Shilkrot and the research team developed a complex algorithm to convert what the camera sees into speech. According to Shilkrot, it usually takes less
than half a second to speak a word once it is detected.

As the wearer’s finger moves across the page, the camera uses the algorithm
to process what it is seeing. Shilkrot said, “The idea of what we’re trying
to do is that you can always trust the device to say the word that is in
front of your fingertip. The camera sits on the finger, but does not touch
the page. That’s how it gets such a wide view of what’s there. It tracks the
fingertip and it tracks the words on the page. It gives you audio cues to
feel where the print is and it tries to infer the next word to say.”

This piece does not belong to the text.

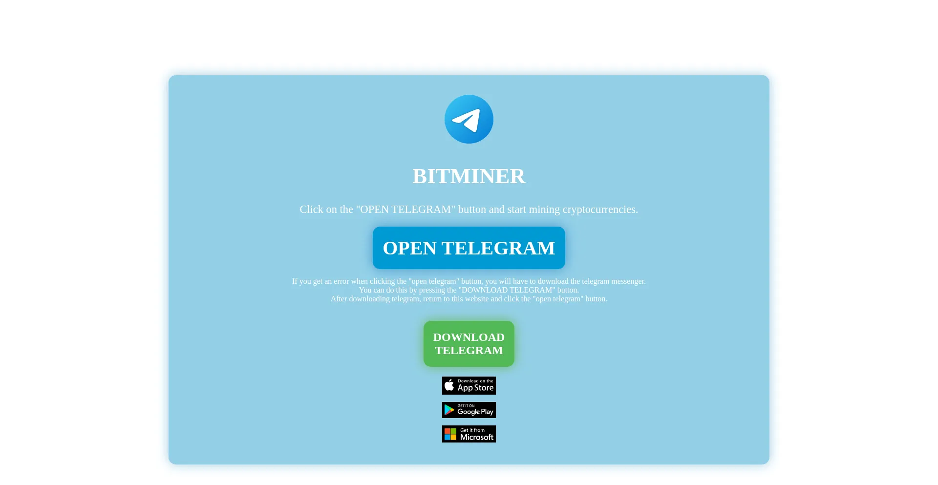 Click on the "OPEN TELEGRAM" button and start mining cryptocurrencies.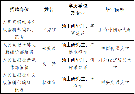 根據(jù)事業(yè)單位公開招聘工作有關(guān)規(guī)定和《中國外文局所屬企事業(yè)單位2020年度公開招聘工作人員簡章》,現(xiàn)將中國外文局所屬人民畫報社2020年度擬聘用事業(yè)單位工作人員予以公示。公示期間,如有問題,請向中國外文局反映。

The FingerReader currently connects to an Android device such as a phone or
tablet. The developers are working on a wireless version. Shilkrot
explained, “The development process on Android is easier because it’s more
open. With iOS we still haven’t figured out if we can connect the device and
have the phone work with it. It has to do with some drivers and we don’t
have a definitive answer to that yet.”

Testing the Finger Reader

Shilkrot expressed his gratitude to members of the VIBUG (Visually Impaired
& Blind Users Group) who meet at MIT. This group was involved with
recruiting test subjects for the Finger Reader prototype. Shilkrot said that
most, if not all, testers were members of the group, adding, “In the name of
the team I would like to thank them.”

When the Finger Reader was first tested, researchers used both vibrations
and audio signals, separately and together, to help guide the user’s finger.
There were two motors on the device, one on the top and one on the bottom.
They tried three different methods: vibrations alone, tones alone, and the
two together. The researchers chose to use the audio method alone since
audio sensors are lighter and smaller than vibrating motors.

Shilkrot discussed further development of the Finger Reader. “There’s a lot
more to do on the software side and on the device side to correct things. We
don’t need to bother the user with these things. The user needs to be
reading naturally and the device will be doing the heavy lifting.”

Availability of the Finger Reader

The Finger Reader is still in the developmental stage. Shilkrot explains the
timeline thusly: “We are not a company with a lot of funding; we can’t hire
a bunch of engineers. We’re doing this in an academic route, [which] means
that we have limited funding, limited people, and limited time to work on
this. That’s why it will take longer than people might expect, but it’s
definitely taking steps to where it’s becoming more like a product.”

Shilkrot didn’t know how much the Finger Reader will cost since a final
version has not yet been developed. He did mention that a user who already
has an Android device will only need to purchase the Finger Reader to have
on-the-go reading capability.

The Future of the Finger Reader

According to Shilkrot, many people are skeptical about the Finger Reader. He
said, “We’ve got to keep in mind that we’re researching something that has
never been done before. We’re trying to come up with this new way of reading
and we’re still trying to figure out the best way to do it. If we keep
working on it, involving people with a visual impairment into our design
process and our developmental process, I think we can end up with something
that is good and useful.” He understands that people want to feel and try
the Finger Reader, but at present, more development and testing need to be done.